NOTE: This article is presented as a comment on a published research paper and in no way endorses people changing their treatment regimens without consulting their doctor. All prescription drug regimens should be developed in consultation with a doctor. This paper challenges the use of antidepressants but does not deny any other possible benefit that can be derived from them.
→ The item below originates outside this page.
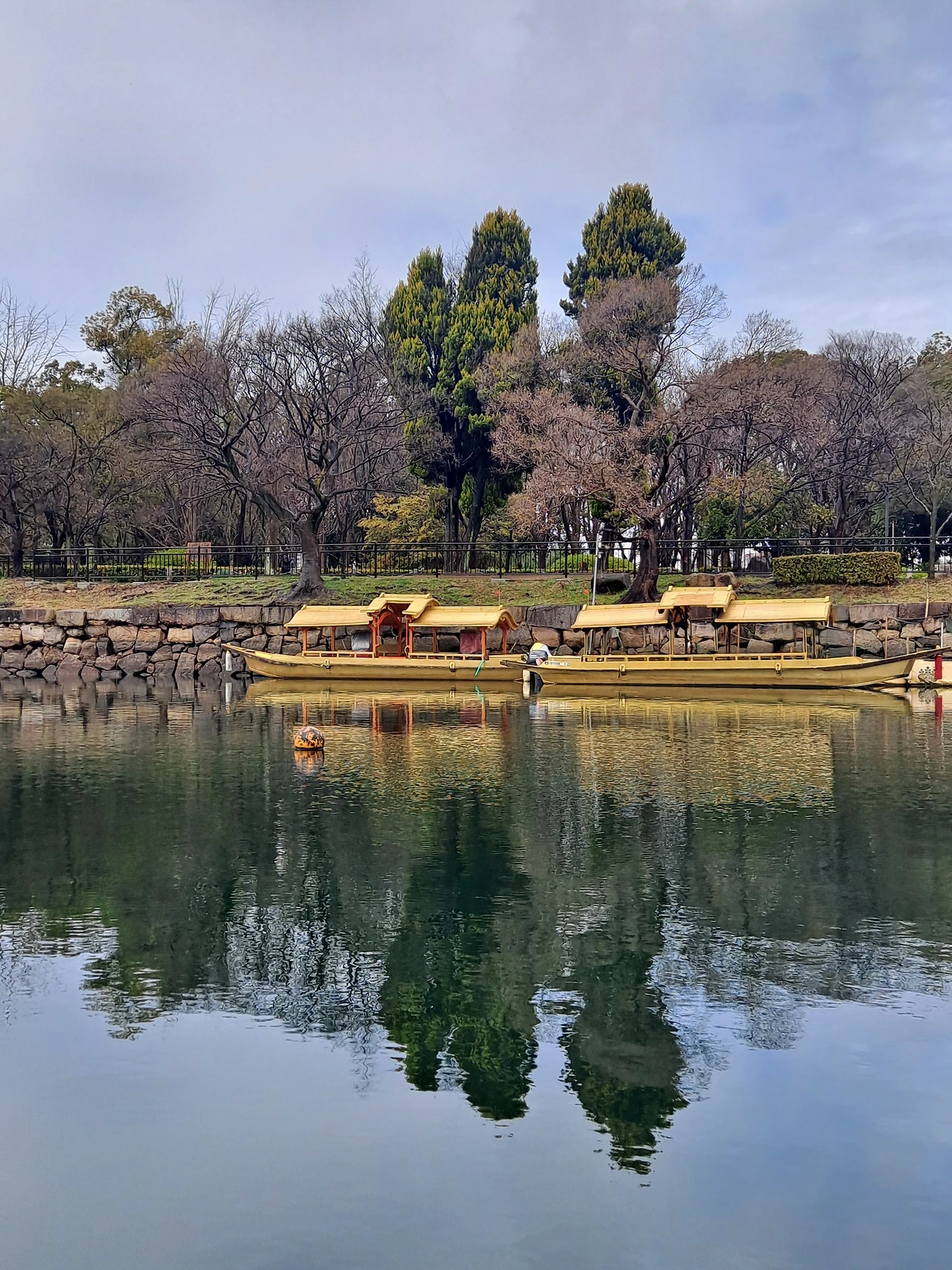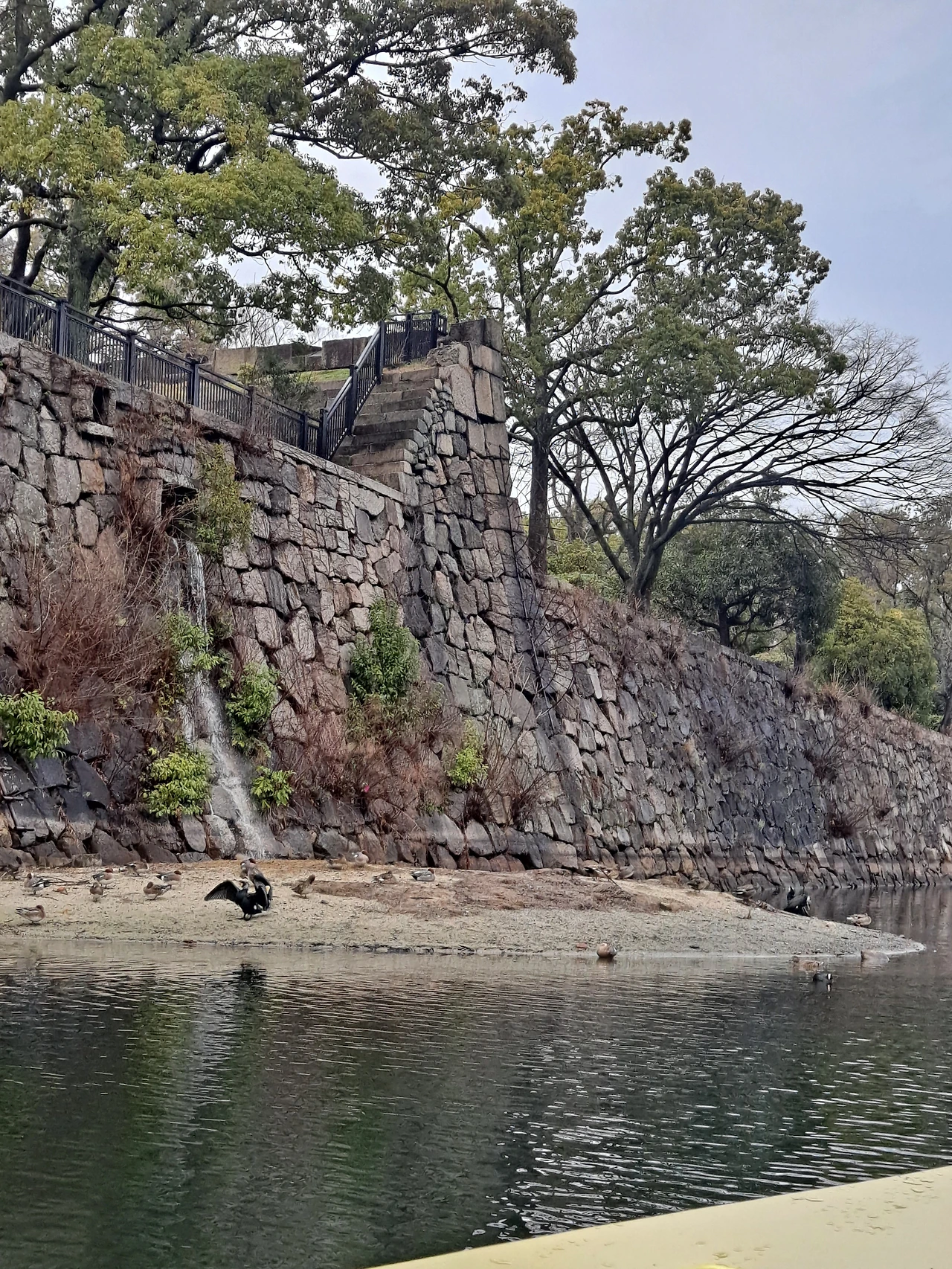 곳곳에 청둥오리와 원앙, 물새 떼가 사람 손이 미치지 않는 곳에 모여 비에 젖은 날개를 말리느라 날개를 펼치고 있었다. 그들의 쉼을 방해하는 건 아닌지 미안한 마음이 들었다. 뱃길을 따라 헤엄치는 청둥오리의 뒷모습, 배가 오면 피하느라 물 위를 달리는 모습이 안쓰러워 보였다. 멀리 보이는 천수각에 비가 그치자, 까마귀 떼가 몰려들기 시작했다. 비를 피하느라 숨어 있었는지 여러 방향에서 무리 지어 날아와 천수각 위에 앉기 시작했다. 수십 마리의 검은 새들이 몰려와 천수각 위에 밀집해 있는 모습이 잠시 섬뜩해 보였다. ‘센과 치히로의 행방불명’에 나오는 유바바가 잠시 생각났다.

It was in the 1960s that the chemical imbalance theory was posited. By the 1980s, based on this theory, selective serotonin re-uptake inhibitors (SSRIs) were marketed globally. The idea that depression was a result of a serotonin imbalance became embedded as fact rather than theory in the psyche of the public due to direct marketing to the medical profession and public by pharmaceutical companies. Since the 1990s, the pharmaceutical industry has capitalised on this with patient information leaflets and direct-to-consumer advertising perpetuating the theory, for which there has been no apparent proof. Ang et al. cite the example of a Pfizer’s Zoloft direct to consumer advertising campaign which stated that “while the cause is not known, depression may be related to an imbalance of natural chemicals between nerve cells in the brain” and that “prescription Zoloft works to correct this imbalance” – a subtle conversion of a theoretical possibility into a fact that can be treated with a tablet.
The continued assertion of the serotonin theory in popular literature and the media ‘confirmed’ the theory, leading more people to believe that depression is a result of a chemical imbalance. As a result, SSRI use escalated dramatically. Ang quotes that by 2017, 17% of Britons had been prescribed an SSRI. The trend is similar across Europe, the USA and China, with people increasingly taking them as chronic medications. SSRIs have become a multi-million dollar product line.
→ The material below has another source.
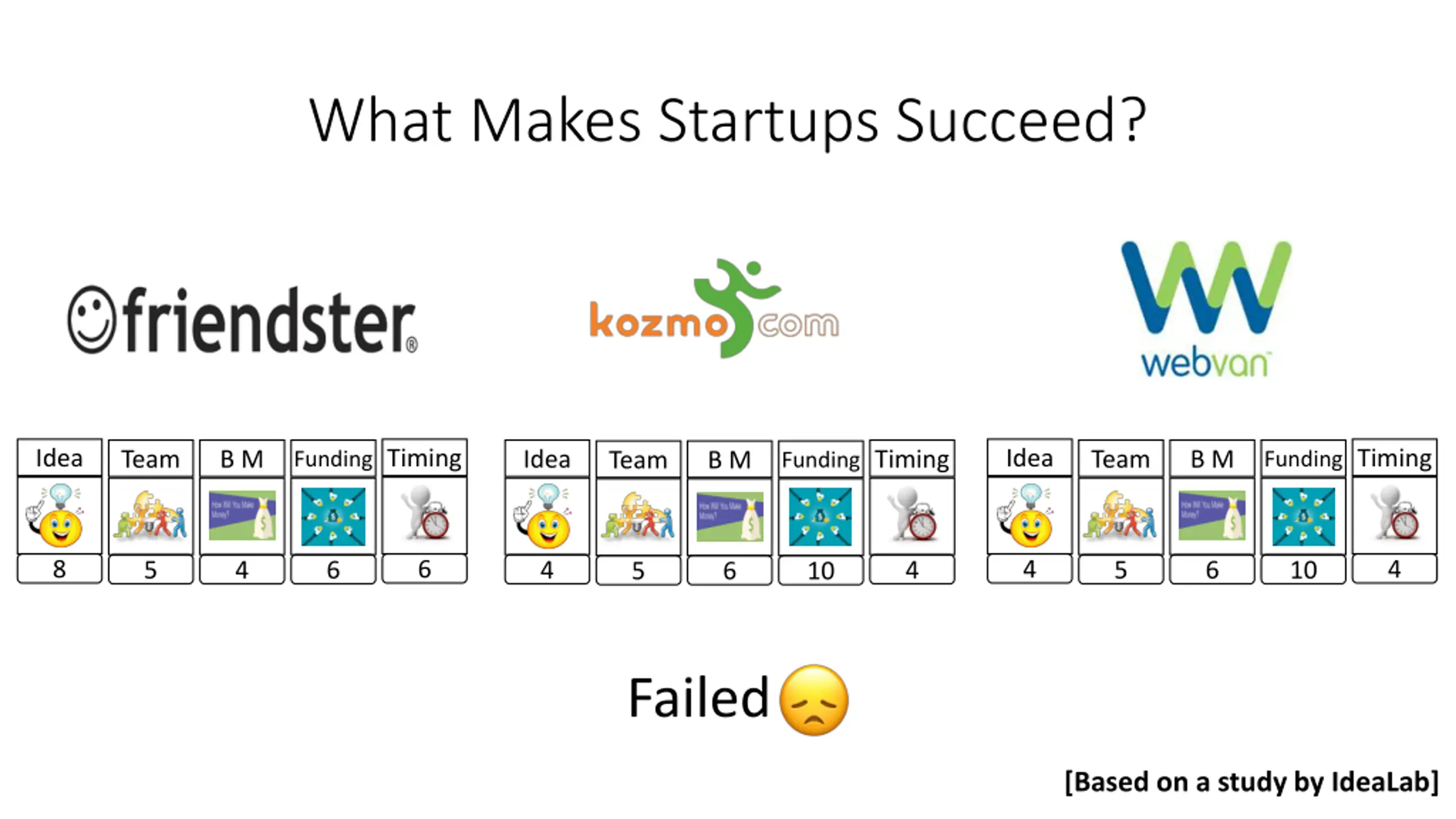 What Makes Startups Succeed? Idea Timing Idea Timing Team B M Idea Timing Team B M Team B M Funding Funding Funding 8 6 4 4 5 4 6 4 4 5 6 10 5 6 10 Failed [Based on a study by IdeaLab]
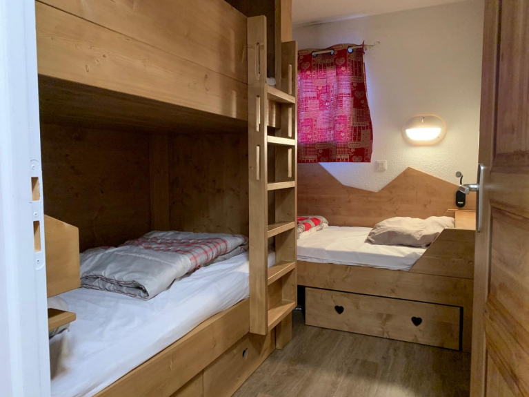 - Ein Schlafzimmer mit einem Etagenbett, Schrank mit Garderobe.

Not everyone was equally convinced, however. Some clinical scientists questioned the serotonin theory in the 1980s and 1990s, but their voices did not have the same reach as the marketing strategies that sold SSRIs. Since 2000 there has been increasing scepticism of the serotonin theory, with some leading psychiatrists referring to the chemical imbalance theory for depression as an ‘urban legend’. Even though there was criticism, it is worrying that a theory has become so well established as to be defended by academia.
So when did Ang et al. start to debunk the theory? In a simple yet well-designed desktop study, they looked at primary research articles and reputable textbooks from 1990 to 2010, which was when the serotonin theory was at its zenith.
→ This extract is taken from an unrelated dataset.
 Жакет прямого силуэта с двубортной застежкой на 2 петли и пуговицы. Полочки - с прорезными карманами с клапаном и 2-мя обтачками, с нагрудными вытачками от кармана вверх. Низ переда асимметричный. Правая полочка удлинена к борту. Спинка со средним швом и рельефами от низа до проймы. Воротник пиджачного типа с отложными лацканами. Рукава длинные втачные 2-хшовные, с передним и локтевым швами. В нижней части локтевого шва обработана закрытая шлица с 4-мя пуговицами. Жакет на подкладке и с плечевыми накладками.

They took the 30 most highly cited articles on depression and serotonin found on Google Scholar, the most extensive trawling net for academic literature for papers written in English. The average citation rate was well over 600 for each paper, some reaching over 1,000. The citation rate indicates how often papers are referred to in new research as generally supportive of the new claims. A citation rate of over 100 is considered very good. The majority of these articles included a discussion on the serotonin theory. Eleven of these supported the serotonin theory stating that there was significant evidence. Only one paper challenged the theory. The textbooks acknowledge the serotonin theory and, in most cases, support it.
Ang et al. conclude that the academic literature did much to support the adoption of the serotonin or chemical theory of depression to become accepted in both medical practice and the public. They quote the social scientist Nikolas Rose as saying the theory caused us to see ourselves as neurochemical beings, even though there is evidence that people favour psychological or social explanations for depression over a biological one.
A very telling statement by the authors implicates big pharma as being party to this decades-long deception by saying, “…it is possible that claims about serotonin made in some papers may reflect marketing techniques to maximise the profile of the serotonin theory.”
Moncreiff, the senior author of this paper, is about to publish her findings showing no convincing evidence of serotonin imbalances in people with depression. It will be time to go back to the drawing board on research into depression.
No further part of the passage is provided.